Question

the sum of the height and diameter of a cylinder is 24 cm. what is the maximal volume of the cylinder?

Answer 1

\[ 512 \pi \space cm^3\]

Answer 2

please could u tell me how u got the answer?

Answer 3

Am I correct?

Answer 4

i dont know

Answer 5

A Mathematica PDF solution with comments is attached.

Answer 6

@robtobey:Nice but don't you think it's a bit overkill for considering the problem?:

Answer 7

Also,you have explain why r=8 gives the maximum solution either geometrically or intuitively.

Answer 8

Out[9] is the derivative of the cylinder volume with respect to r.

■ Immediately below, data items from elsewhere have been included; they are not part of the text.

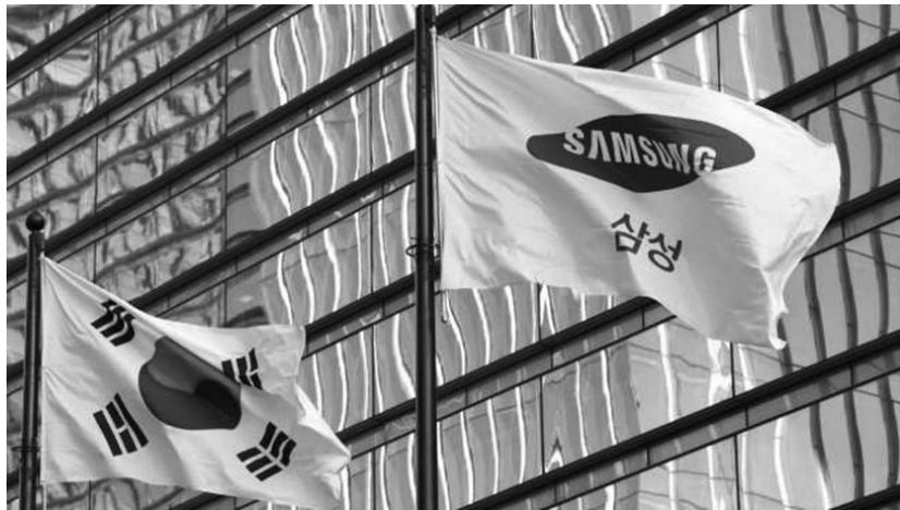
▲ 三星顯示與工會簽署薪資協議罷工活動落幕

南韓面板大廠三星顯示 (SamsungDisplay) 的工會罷工活動於週四 (8 日) 結束。工會幹部與資方代表在當天簽署了一份薪資協議，而這也是三星顯示創立以來的頭一次罷工活動。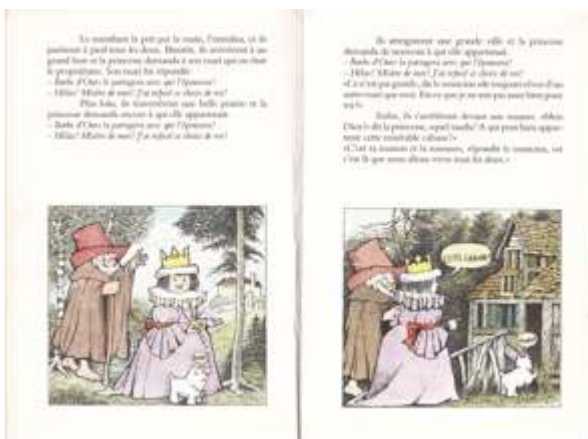
M. Sendak, Le Roi Barbe d'ours , L'École des loisirs, 1974.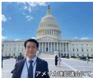
アメリカ連邦議会にて

3日間の協議を経て、中国政府が主導する一帯一路に代わる資金供給メカニズムの強化、ウイグルでの強制労働を含めて人権侵害による製品をサプライチェーンから排除、香港の自治と自由の復活に向けて香港市民との連帯、台湾の民主主義を守るため台湾との外交的・経済的関係の強化、ウクライナ支援のためロシアと関係する企業への制裁実施など18項目を共同声明としてとりまとめました。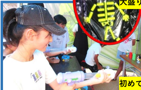
初めての射的&金魚屋さん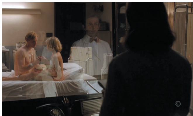
Un couple de volontaires pour l'expérience de coït en laboratoire (saison 1, épisode 1)

un facteur d'intercompréhension et la source d'une harmonisation possible des plaisirs (un principe fondateur de la clinique sexologique mise en place ultérieurement par Masters et Johnson). Ainsi, cette nouvelle conceptualisation médicale de la sexualité ne porte-t-elle pas atteinte à l'institution du mariage ni à la matrice hétérosexuelle de la sexualité. Forts de leurs observations du coït hétérosexuel en laboratoire, Masters et Johnson mettent en effet au point une méthode thérapeutique en faveur de la sexualité conjugale, faisant du couple (et non de l'individu) leur cible et leur «patient» privilégié.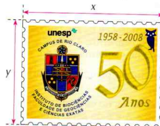
Selo visto a olho nu

P. 358 (Vunesp) Para observar detalhes de um selo, um filatelista utiliza uma lente esférica convergente funcionando como lupa. Com ela, consegue obter uma imagem nítida e direita do selo, com as dimensões relativas mostradas na figura.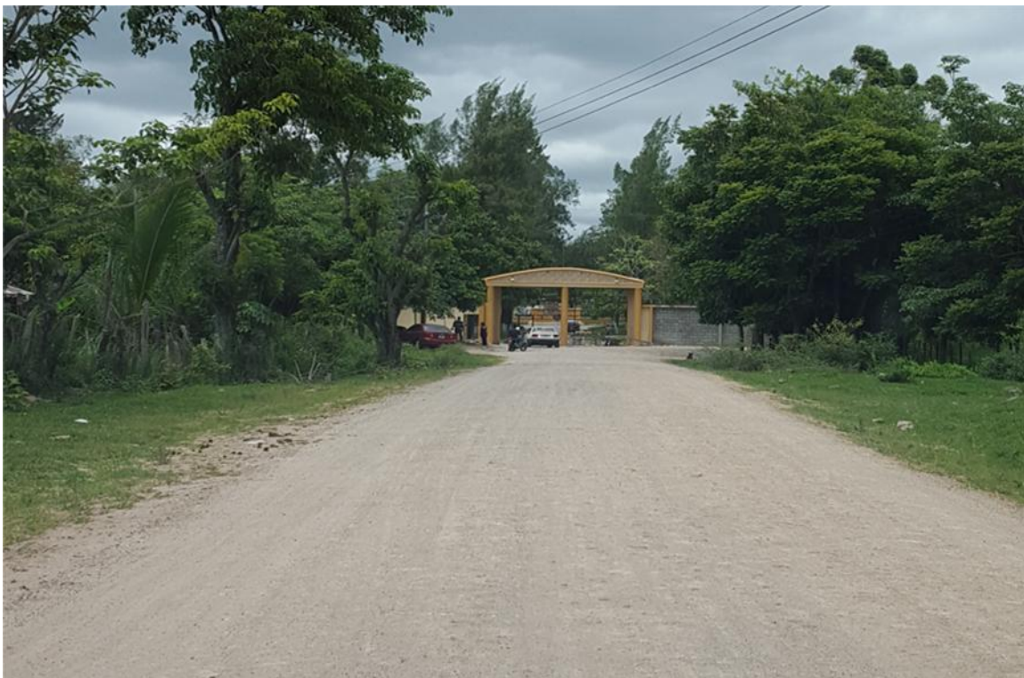
Vista panorámica de la calle a pavimentar, entrada a Hospital Santa Rosita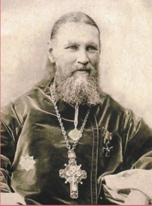
Праведный Иоанн Кронштадтский

На взаимном чувстве или понимании наших душ друг друга основывается действие или бездействие проповеднических слов: если проповедник говорит не от сердца, лицемерно, слушатели внутренним чутьем понимают несоответствие слов проповедника с его сердцем, с его жизнью – и слово не имеет той силы, которую оно могло бы принести в том случае, когда проповедник произнес бы его сердечно, особенно когда сам исполнял бы слово свое на деле.

Out[10] is the two solutions for r obtained by setting the derivative to zero and solving for r, a standard calculus method for obtaining the maximum cylinder volume in this case. In Mathematica the r solutions are given as replacement rules, r -> 8, rather than the traditional r = 8.

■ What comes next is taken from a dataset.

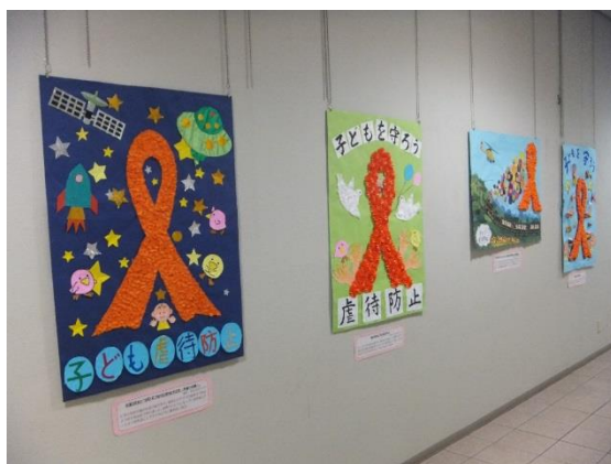
オレンジリボンモニュメントの掲示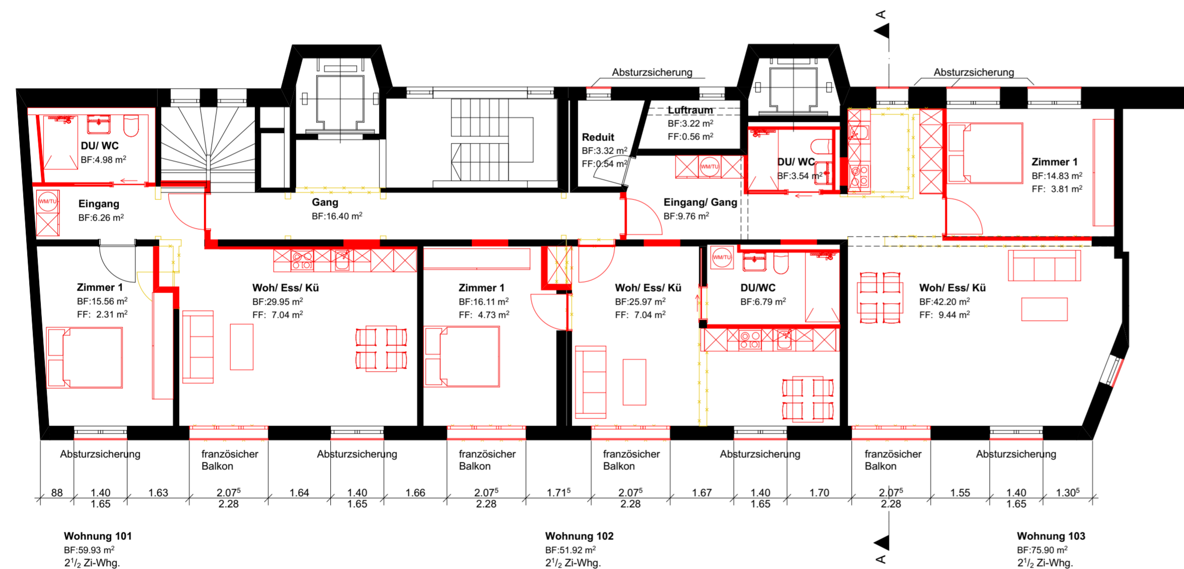
Grundriss 1. OG

Your's and my responses are probably the most extreme problem solution forms presented on this site. Yours is in this case the answer only followed by an ignored request, at least so far, from the problem poser, yahya__vip, asking how you obtained the 512pi answer, vs mine, which includes narrative, the math solution procedure and a high quality cylinder volume function plot. By the way, the plot allows one to guess a solution value and is not presented as a proof of the solution.

Answer 9

ty alot for the help but i dont think that is the answer,the lesson is about derivatives btw

Answer 10

@ yahya__vip

Putting aside the this and that between myself and FoolForMath, both of us agree that the maximum volume of the cylinder where the sum of the cylinder's diameter and height is restricted to 24 cm is:\[512 \pi \text{ cm}^3 \]If you don't agree can you prove otherwise?

Answer 11

well,if you can plot the graph the solution is just intuitively plausible in this case.

Answer 12

what I don't like is user wants to know "how" and not "why",how is easy but doesn't makes sense if you don't know why...